Go through the data below and repeat it exactly, skipping each picture.

### [GIVEN DATA]
++++++

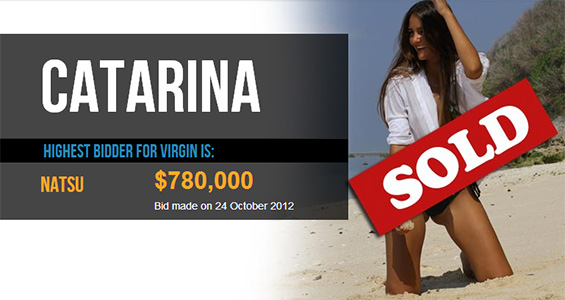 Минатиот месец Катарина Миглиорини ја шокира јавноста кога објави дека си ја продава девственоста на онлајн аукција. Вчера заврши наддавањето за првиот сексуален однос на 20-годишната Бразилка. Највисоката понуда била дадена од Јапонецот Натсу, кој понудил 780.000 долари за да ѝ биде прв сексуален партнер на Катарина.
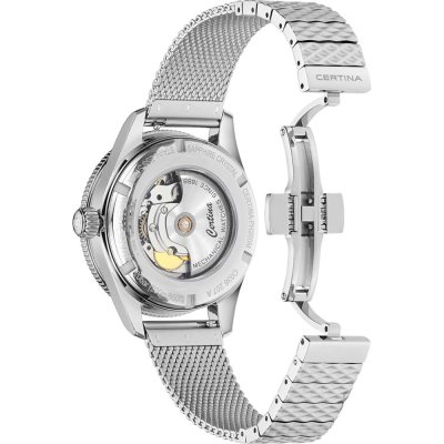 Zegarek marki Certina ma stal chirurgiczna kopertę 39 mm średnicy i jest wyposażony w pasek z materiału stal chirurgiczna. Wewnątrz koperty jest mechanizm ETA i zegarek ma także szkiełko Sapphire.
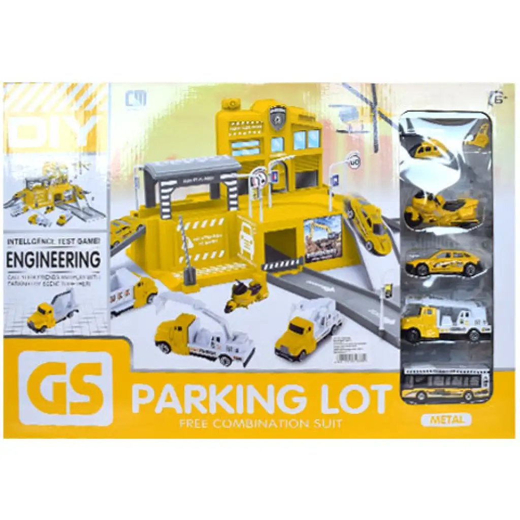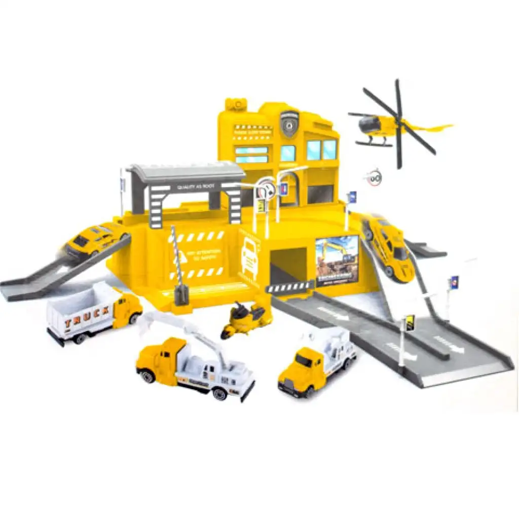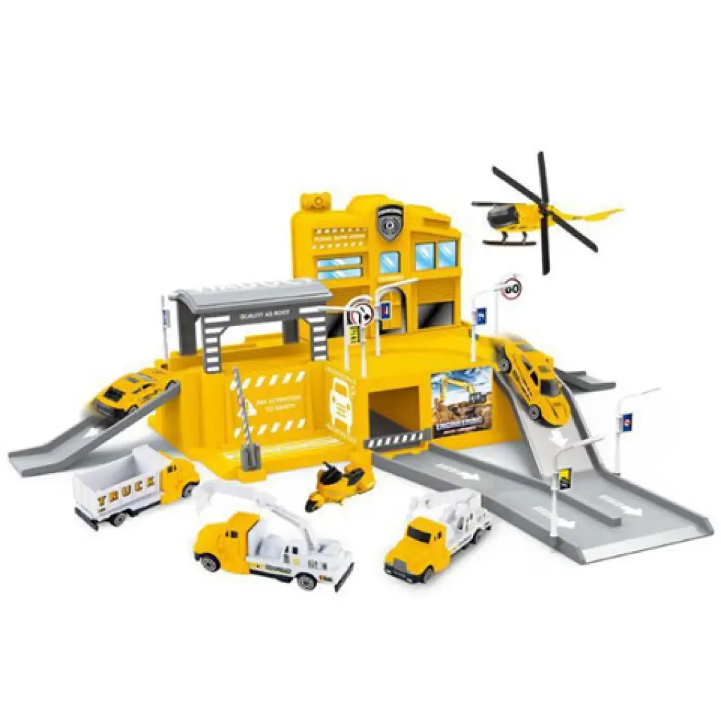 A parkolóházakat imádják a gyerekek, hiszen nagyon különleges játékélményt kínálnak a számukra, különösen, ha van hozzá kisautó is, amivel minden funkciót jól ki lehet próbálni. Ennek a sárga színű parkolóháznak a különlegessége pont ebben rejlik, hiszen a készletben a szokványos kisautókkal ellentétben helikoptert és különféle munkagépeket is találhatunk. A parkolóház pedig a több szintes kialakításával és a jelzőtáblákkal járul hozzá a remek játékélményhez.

++++++

### [SOLUTION BELOW]
 Минатиот месец Катарина Миглиорини ја шокира јавноста кога објави дека си ја продава девственоста на онлајн аукција. Вчера заврши наддавањето за првиот сексуален однос на 20-годишната Бразилка. Највисоката понуда била дадена од Јапонецот Натсу, кој понудил 780.000 долари за да ѝ биде прв сексуален партнер на Катарина.
 Zegarek marki Certina ma stal chirurgiczna kopertę 39 mm średnicy i jest wyposażony w pasek z materiału stal chirurgiczna. Wewnątrz koperty jest mechanizm ETA i zegarek ma także szkiełko Sapphire.
 A parkolóházakat imádják a gyerekek, hiszen nagyon különleges játékélményt kínálnak a számukra, különösen, ha van hozzá kisautó is, amivel minden funkciót jól ki lehet próbálni. Ennek a sárga színű parkolóháznak a különlegessége pont ebben rejlik, hiszen a készletben a szokványos kisautókkal ellentétben helikoptert és különféle munkagépeket is találhatunk. A parkolóház pedig a több szintes kialakításával és a jelzőtáblákkal járul hozzá a remek játékélményhez.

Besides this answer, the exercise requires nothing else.